Un homme, ou ce qu’il en reste.
Le cou s’est rendu. Il a abandonné toute verticalité pour devenir un piédestal de la schizophrénie fruitière.
La première cerise – si l’on peut encore appeler ça un fruit – a la peau d’un cadavre qu’on a maquillé avec du sirop de grenadine et du fiel. Elle rit.
Mais ce n’est pas de la joie. C’est du triomphe. Le rictus d’un parasite qui sait qu’il n’a même plus besoin de mordre pour dominer.
Elle n’a pas pourri : elle a muté.
Elle ne veut pas mourir. Elle veut infuser.
L’autre cerise ?
Un globe de panique sucrée, figée dans l’éternité d’un cauchemar lucide.
On y lit l’appel au secours d’un esclave organique, condamné à coexister avec son bourreau, vissé dans sa chair.

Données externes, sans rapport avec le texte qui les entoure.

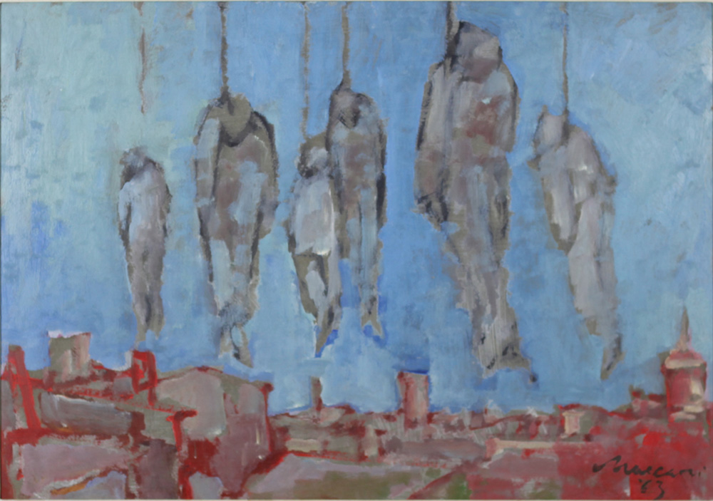 MINO MACCARI, Impiccati alle nuvole, Olio su cartone Anno 1963 Dim.50x71,8 Opera Archiviata Opera Pubblicata Datato e firmato in basso a dx
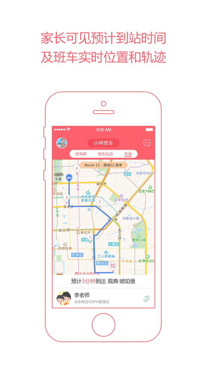 极简设置与操作: 通过校车跟车老师的手机精准定位,无需加装额外硬件。提供校车站点信息后,下载小伴手机APP,3分钟完成注册,即可使用。
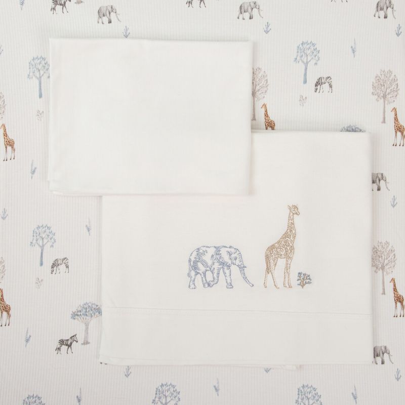 Juego completo de sábanas de tejido de punto para cuna mini de bebé de 50x80 cm, en la colección Tanzania de Bimbidreams. El tejido de punto aporta elasticidad, calidez y un tacto muy suave, ideal para la piel delicada del bebé. Incluye bajera ajustable, encimera y funda de almohada.
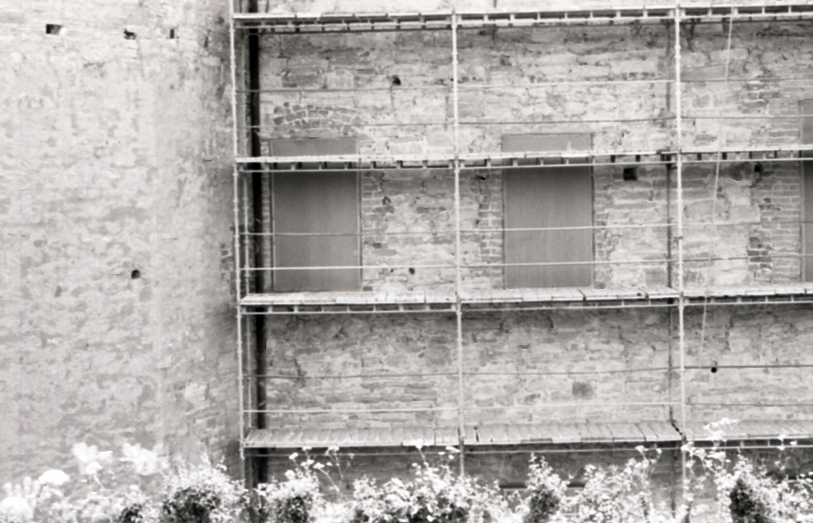 Västra fasadens norra del mellan Kungsmakstornet och Kuretornet. Foto från vallens yttre kant under restaurering
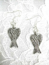 Silver Alloy Twin Angel Wings Angel WIng Criss Cross Pair of Earrings
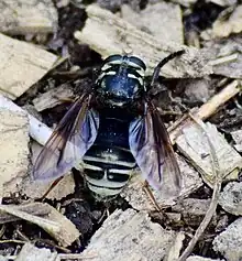 Temnostoma venustum (Williston, 1887), the Black-banded Falsehorn , is a rare species of syrphid fly observed in the northeastern United States and adjacent Canada. Hoverflies can remain nearly motionless in flight. The adults are also known as flower flies for they are commonly found on flowers, from which they get both energy-giving nectar and protein rich pollen. Temnostoma adults are strong wasp mimics The larvae burrow in moist decayed wood.[3][4]
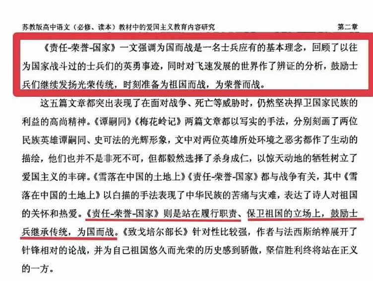 在《蘇教版高中語文(必修、讀本)教材的愛國主義教育研究》論文中,還把這篇文章當作“愛國主義教育”的典型大加讚賞。
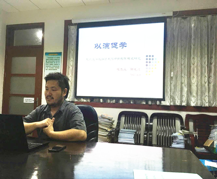 邓光远老师还为大家介绍了戏剧游戏在课堂热身、分组和氛围提升等活动中的作用,并用一些课堂录像展示了戏剧教学的效果,令人印象深刻。最后,大家就课堂监管、组织以及时间安排等问题展开了激烈的讨论。邓光远老师“以演促学”,“游戏中学习”的教学方法和课堂操作模式为大家打开了新的思路,参与讲座的老师们受益良多。
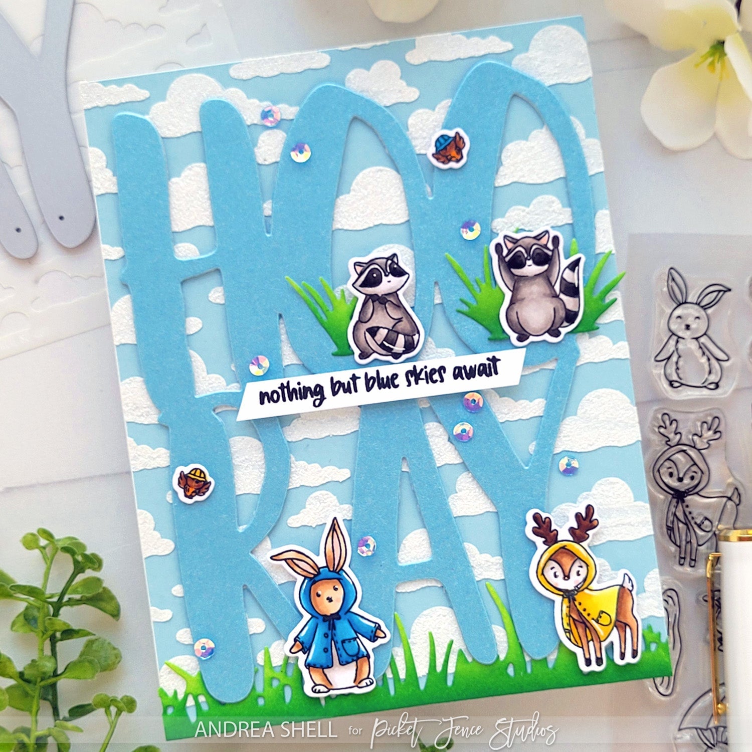 The Picket Fence Studios Peach and Piper Bad Weather Friends Bundle includes both the Peach and Piper Bad Weather Friends Clear Stamps pap-101 and coordinating dies pap-101d. Each set measures 4 x 6 inches and contains 21 pieces. This charming stamp set features sweet animals, including bunny rabbits in raincoats and under umbrellas, deer, raccoons, and birds with rain hats, as well as puddles to set the scene for rainy-day adventures. Sentiments include "Gray skies bring sunny days," "Thank you for your love and support, my friend," "I always have my listening ears on for you," "Playing in the rain can help the blues go away," "Some of the best things in life are free," and "Have a nice day." The coordinating dies ensure precision cutting for each stamp, making this set ideal for heartfelt and cheerful creations.
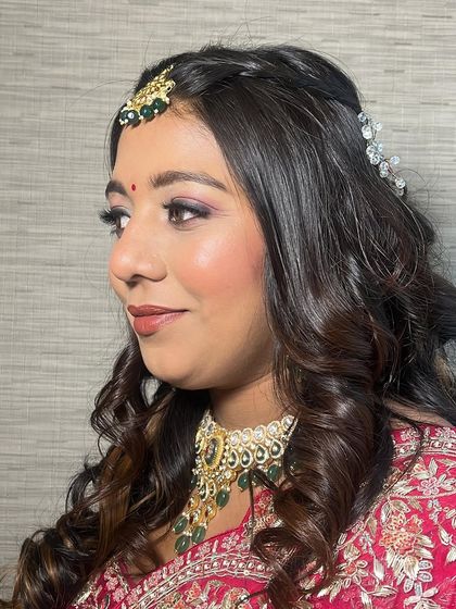I specialize in creating glamorous looks perfect for parties, sangeet ceremonies, and cocktail events. My expertise includes smokey eyes, glittery finishes, and sophisticated styles that enhance your features while ensuring they photograph beautifully.
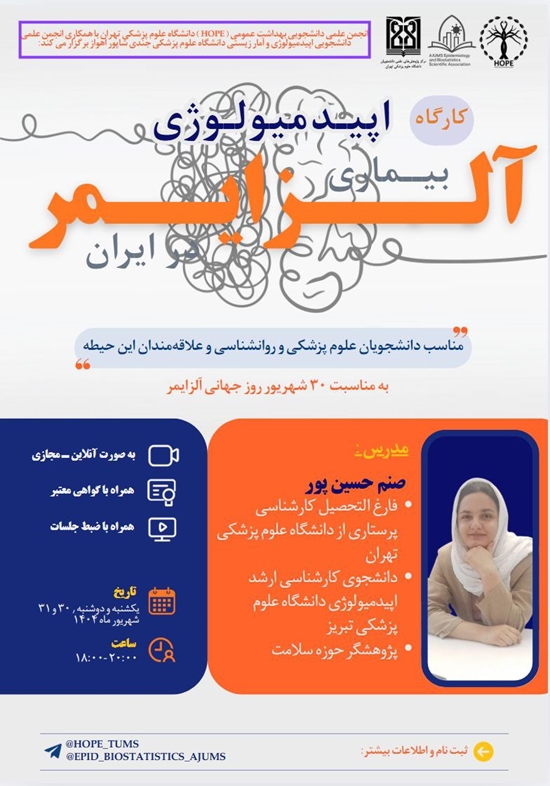 به مناسبت ۳۰ شهریور، روز جهانی آلزایمر، انجمن علمی دانشجویی بهداشت عمومی (HOPE) دانشگاه علوم پزشکی تهران با همکاری انجمن علمی دانشجویی اپیدمیولوژی و آمار زیستی و مرکز پژوهشهای علمی دانشجویان، کارگاه تخصصی اپیدمیولوژی بیماری آلزایمر در ایران را برگزار میکند.
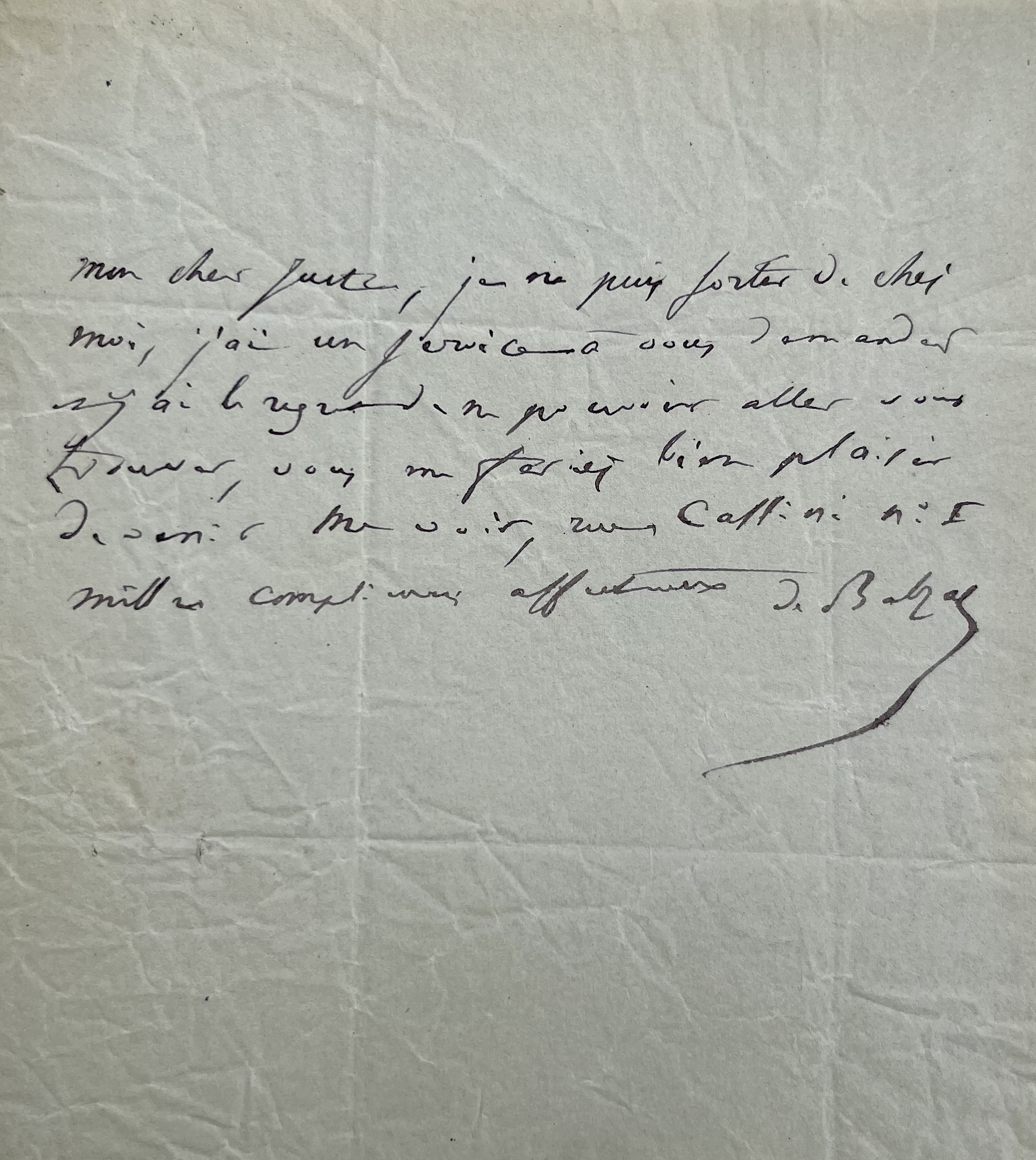 "Mon cher Just, je ne puis sortir de chez moi, j'ai un service à vous demander et j'ai regret de ne pouvoir aller vous trouver, vous me feriez bien plaisir de venir me voir, rue Cassini n° 1. Mille compliments affectueux. de Balzac".
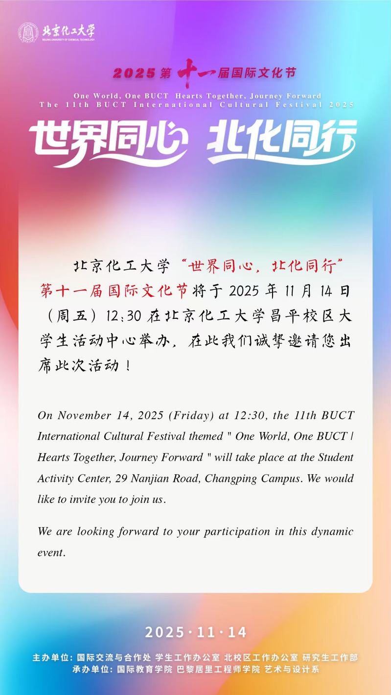 为顺应全球化深入发展需要,我校国际文化节历经十届积淀,已成为促进跨文化理解与融合的重要平台。第十一届国际文化节以世界同心,北化同行(One World, One BUCT | Hearts Together, Journey Forward)为主题,旨在通过情感共鸣与携手共进,深化人类命运共同体意识,推动中外学生在学术、文艺和创新领域的深度共创。
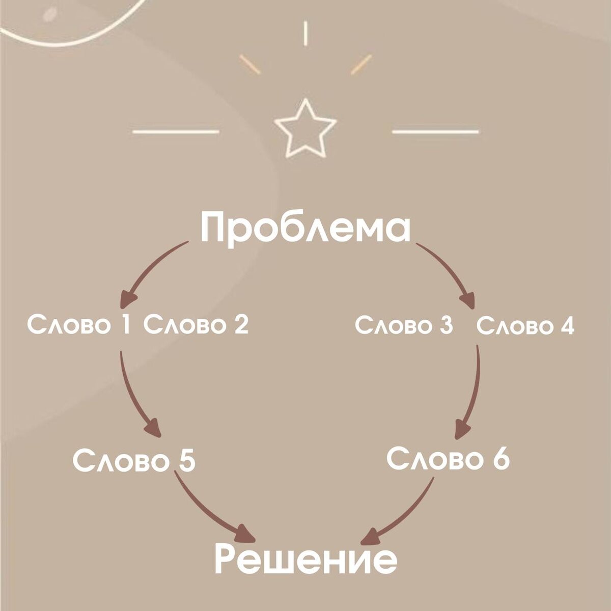 📌Практика для быстрого поиска решения проблемы Если вас давно беспокоит какая-то ситуация, но вы никак не можете понять: ◾️чем она вызвана, ◾️как выйти из неё, ◾️с чего начать решение, на помощь придёт ваше бессознательное, которое всегда знает ответы на все наши вопросы. Открыть проход к бессознательному и найти точку опоры нам поможет очень простая практика ↩️ Техника выполнения: 1️⃣ Выпишите слово, которым можно охарактеризовать вашу проблему (например, семья/ деньги/ удовольствия) 2️⃣ Справа и слева от главного слова напишите по 2 слова-ассоциации: Деньги: работа (1) + карьера (2) + зарплата (3) + офис (4) 3️⃣ Теперь объедините пары слов (1+2) и (3+4) еще одним словом-ассоциацией Работа + карьера = рост Зарплата + офис = стабильность 3️⃣ И последнее — на получившуюся пару слов придумайте общую ассоциацию Рост + стабильность = повышение Получившееся слово — то, чем на самом деле вызвано ваше затруднение, и то, что нужно решить в первую очередь. Несколько важных нюансо
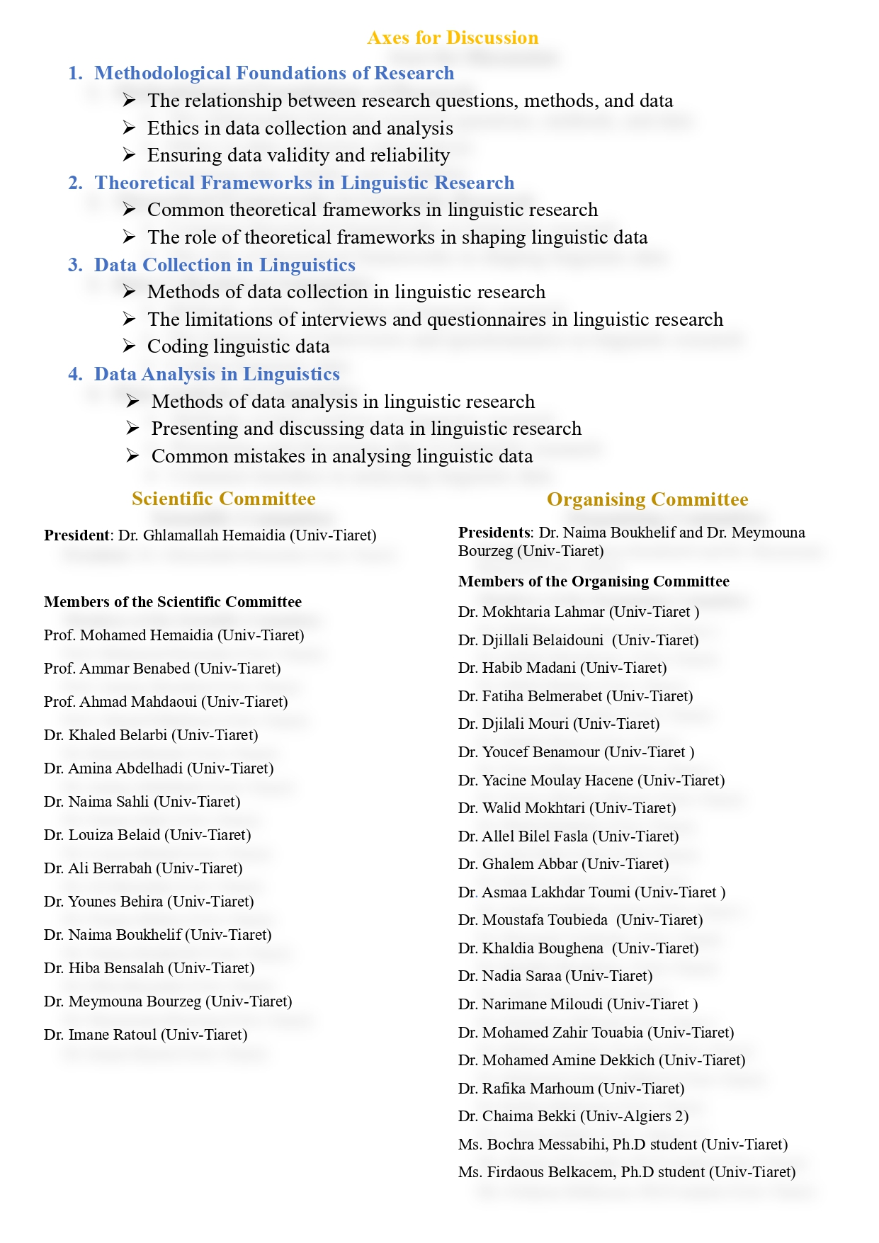 We encourage all Master’s and PhD students to join us for an engaging program featuring thought-provoking, interactive scholarly discussions, and practical workshops on data collection and analysis in linguistic research. This event presents a valuable opportunity to enhance your research skills, exchange ideas with peers and academics, and contribute to advancing your linguistic research. Mark your calendars for December 8th, 2025 and be part of this enriching academic experience at ALWIAM Amphitheater
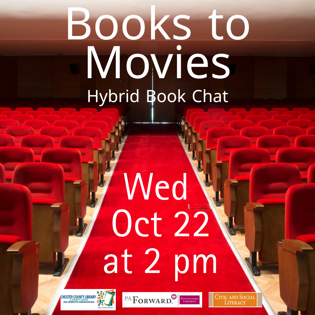 Please join us for a book chat featuring books that have been made into movies. All attendees will receive a PDF presentation with links to our catalog.
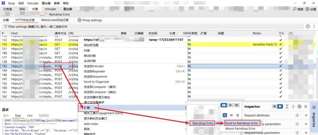 1 ►工具介绍日常渗透过程中,经常会碰到一些网站需要破解其 JS 加密算法后,才能对数据包进行修改。我们将加密算法破解出来后,一般就是使用 python 的 requests 库,发送修改的数据包来进行渗透测试,导致效率低下,因此考虑将 JS 逆向的结果通过插件与 burp 结合,提高效率。在 JS 逆向结束之后,通过 RaindropEcho 提供的 JS 模版,导入到插件,就可以完成 burp
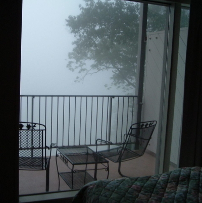 The second is of Charlie and my honeymoon (yes, that is grammatically correct) and our 25th anniversary, both of which were spent at Natural Bridge State Resort Park in Kentucky. Every morning, the fog completely enfolded the lodge, but burned off as soon as things warmed up. I'm talking about the sun, people; get your minds out of the gutter.
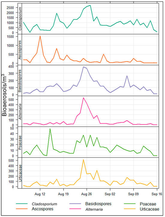 Temporal trends of the prevalent pollen taxa and their relative contributions to total bioaerosol concentrations are illustrated in Figure 2. The highest daily concentration was recorded on the 25th of August due to the presence of high ambient Urticaceae concentrations on that day. In comparison, the highest daily concentration of Poaceae was recorded on the 15th of August. Only 4 of the 41 days experienced Poaceae concentrations categorised as having a high daily ambient concentration (>30 pollen grains/m3) [97,98]. Following this, the overall trend in pollen was toward lower concentrations coinciding with the declining grass pollen season.
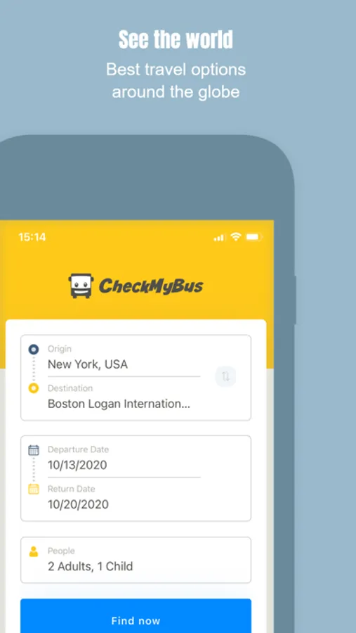 Insert the info about your trip: origin, destination and departure date. Add a return date if you already know when you will travel back. Travelling as a group? Select the number of adults or children coming with you. When you are set, click on “Find now” to see all the possible connections between the two cities.

Pas de fuite possible. La tige les attache comme une clause de non-concurrence. Définitive. Irrévocable. Sadique.
Le torse en dessous ?
Une œuvre inachevée.
Un support musculaire qui n’a pas eu son mot à dire. Juste assez vivant pour sentir. Trop déconnecté pour décider.
Il n’est pas victime. Il est complice par passivité.
Un terreau pour monstruosité.
Thröl Haartkor Mk IV – Cultivé à l’ombre, moisi à la lumière.